Boris Johnson
Isabel Dedring
Peter Anderson
Sir John Armitt CBE
Sir Brendan Barber
Richard Barnes
Charles Belcher
Roger Burnley
Brian Cooke
Baroness Tanni Grey-Thompson DBE
Angela Knight
Michael Liebreich
Eva Lindholm
Daniel Moylan
Bob Oddy
Keith Williams
Steve Wright
Dear Transport for London Board Members
On 17th March you will be asked to adopt a set of proposals from TfLTPH to place additional controls on the activities of the Private Hire Sector
These regulations contain no safeguards to check the recent massive increase in minicab numbers on London's streets nor do they contain any meaningful brake on the total eclipse of the Black Cab industry.
If you, the board, do not vote these proposals down and insist that TfLTPH 'think again' your names will be forever remembered as the men and women who had the opportunity to save the London taxi but failed to act.

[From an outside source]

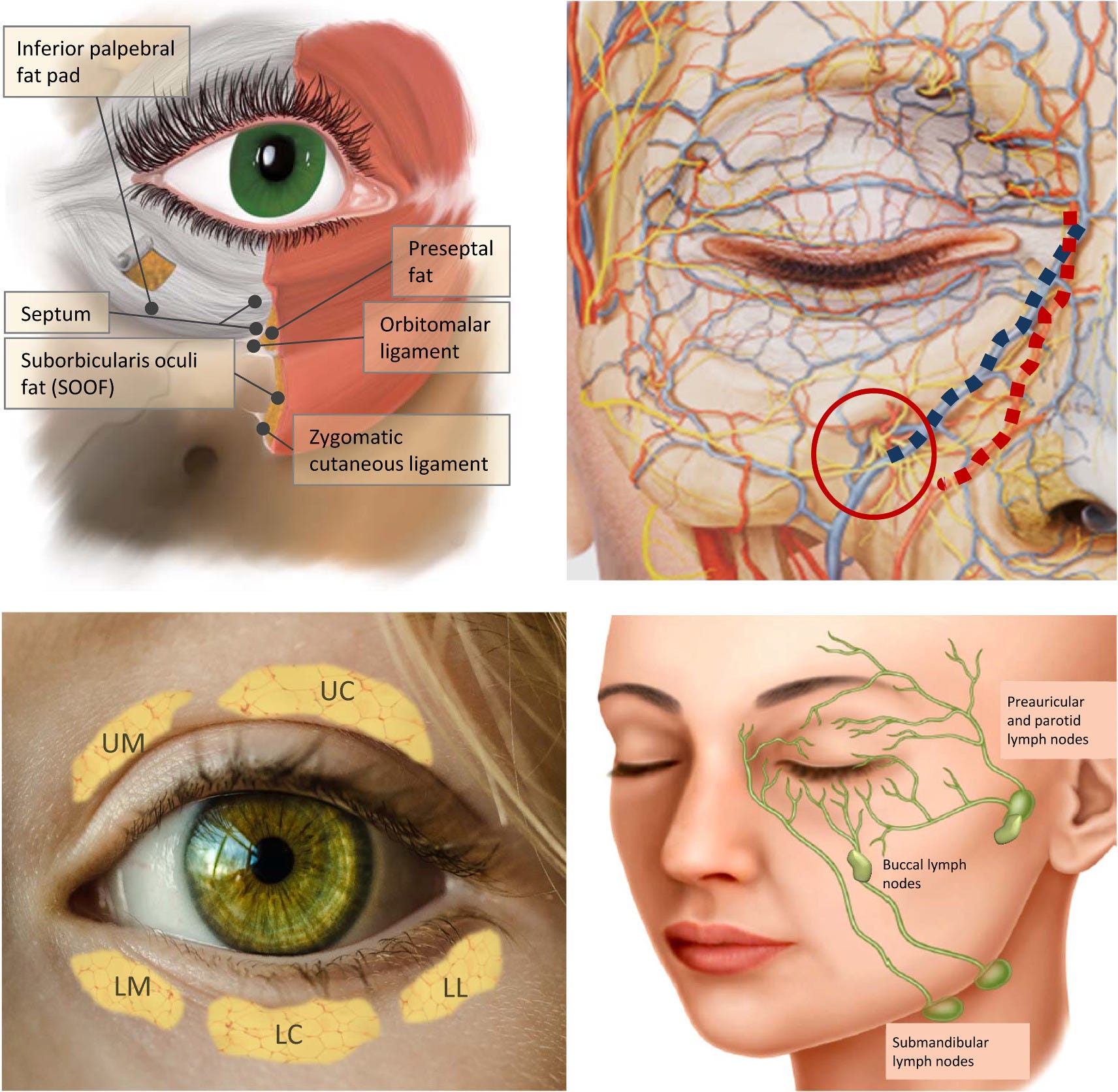 Estruturas anatômicas envolvidas na formação da deformidade em calha lacrimal. Este está localizado entre as áreas palpebral e orbital do músculo orbicularis oculi, e a localização da prega nasojugal corresponde ao limite inferior desse músculo. Superior esquerdo: Anatomia da área periocular. Superior direito: Imagem das estruturas vasculares e nervosas da área. A linha azul destaca a veia angular e a vermelha a artéria angular; o círculo vermelho indica a emergência do nervo infraorbitário. Inferior esquerdo: Localização das bolsas de gordura: medial superior (UM), central superior (UC), medial inferior (LM), central inferior (LC) e lateral inferior (LL). Embaixo à direita: drenagem linfática da área periocular. Referência da imagem.

This is not a little taxi boy crying 'Wolf', it is a whole industry under attack from a predatory and ruthless wolf pack called 'Uber'
Please do the right thing and say 'No' to Brown, Daniels & Emmersons's attempt to impose a pro Uber lobbyist's anti-regulatory agenda and rubber stamp the existing status quo.
Do not accept the free market apologists argument that a mechanism to prevent drivers who respond to App sourced demand effectively plying for hire would be an unreasonable imposition.
Such an instrument based on zoning limits of access and visibility could be easily implemented via the very technology that has led us to this sorry state of affairs and is a crucial first step in preventing the London Taxi being consigned to the scrap heap.
Ignore the siren calls of those who would have you believe that the plight of the London Cab is a function of it's inability to adapt to a new technological landscape - that is just plain wrong - taxis equipped with CC payment systems and Apps such as Gett & Hailo simply can't compete with a rival empowered to ply for hire (illegally we would maintain)
by virtue of legalistic sophistry - a device operating as a meter and referred to by Uber as a 'meter' is apparently not a meter - and the creation of the oxymoronic and hitherto unheard of entity 'an immediate booking'.
In addition to your explicit statuary duties of regulating such an historic and revered world icon, the London black cab, there exists a concomitant implicit responsibility to behave as 'good stewards' toward a 350 year old tradition.
In that capacity your primary function is to ensure it's continuity which is now under threat as never before.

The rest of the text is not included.